U.S. Is Largest Arms Exporter in a Changing Market

April 2023
By Ethan Walton and Jeff Abramson

The United States remains the largest and growing exporter of major conventional weapons systems, according to an annual survey by the Stockholm International Peace Research Institute (SIPRI).

Ukrainian forces are seen in March at their artillery position in Zaporizhzhia during the war between Russia and Ukraine. In 2022, Ukraine was the third-largest importer of weapons systems tracked by the Stockholm International Peace Research Institute. (Photo by Muhammed Enes Yildirim/Anadolu Agency via Getty Images) Although the report’s authors are cautious in predicting the future, their findings appear to show shifts in the global arms trade, in part driven by the war in Ukraine, that will result in more weapons flowing to Europe and a diminished role for Russia in the coming years.

The United States accounted for 40 percent of all major arms exports during 2018–2022, up from 33 percent during 2013–2017, compared to Russia’s 16 percent share, the report said. The report focuses on five-year comparisons and uses its own metrics to standardize values across weapons systems platforms.

Continuing a trend noted in earlier reports, arms imports increased in Europe, rising 47 percent over the period, while global trade declined by roughly 5 percent. Given the many commitments by the United States and countries in the region to replenish weapons stocks that have been transferred to Ukraine, it is logical to expect even higher imports in the future in Europe. (See ACT, April 2022.)

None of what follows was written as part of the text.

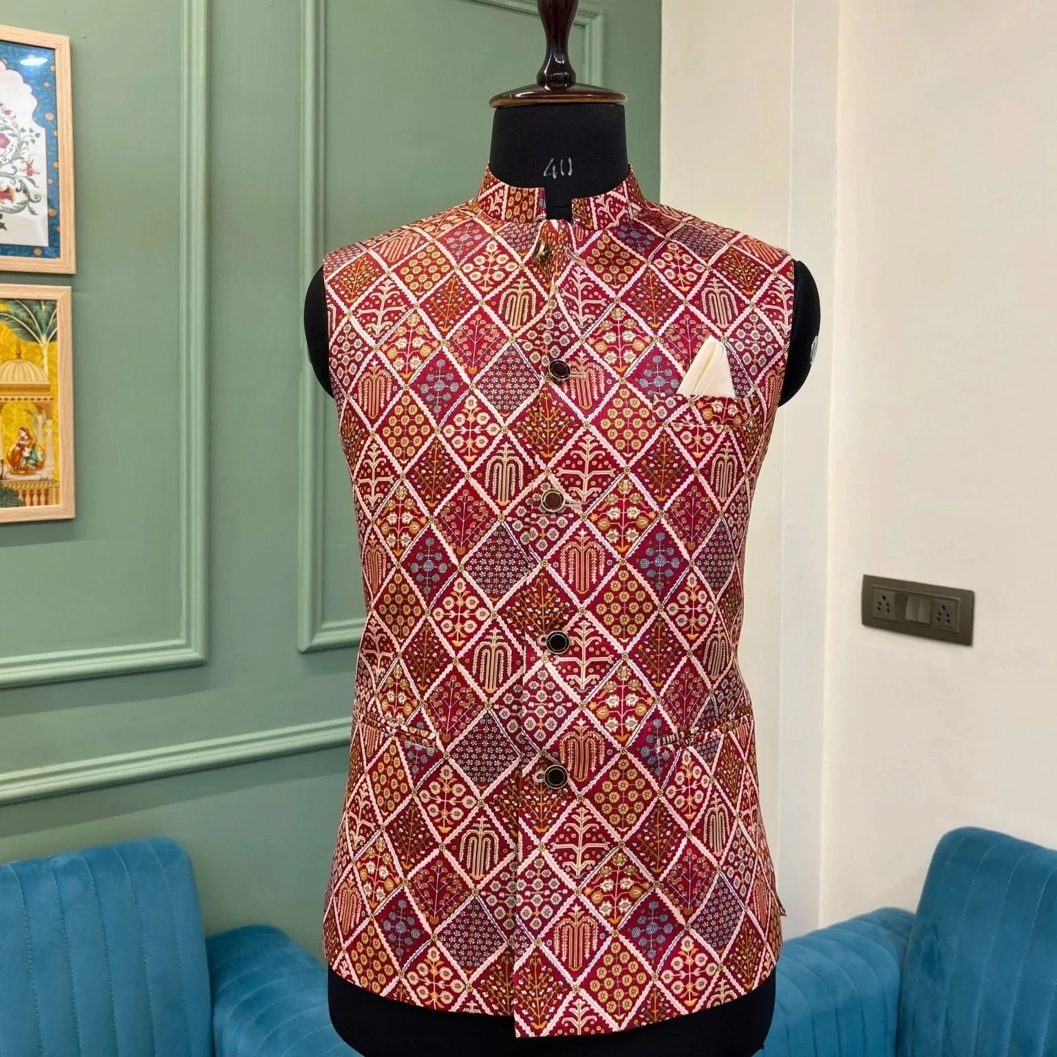 Step into refined ethnic elegance with the Regal Heritage Modi Jacket. This hip-length jacket features a rich heritage-inspired print, mounted on premium fabric with a mandarin collar and button-front closure. Designed for weddings, festivals and special occasions, it layers seamlessly over a kurta or shirt while adding a polished traditional edge to your ensemble.

During a Feb. 16 virtual event hosted by the Forum on the Arms Trade, Pieter Wezeman, a co-author of the report, questioned whether Europe should rapidly rearm given that Russia appears less militarily capable than expected “or whether there are other ways to deal with that Russian threat.”

Ukraine, which in prior years barely registered on the global arms import trade chart, was the third-largest importer of the weapons systems tracked by SIPRI in 2022. Still, the value of its imports was lower than might be expected as the SIPRI approach emphasizes high-value weapons such as fighter jets, which countries supplying Ukraine largely withheld during the reporting period.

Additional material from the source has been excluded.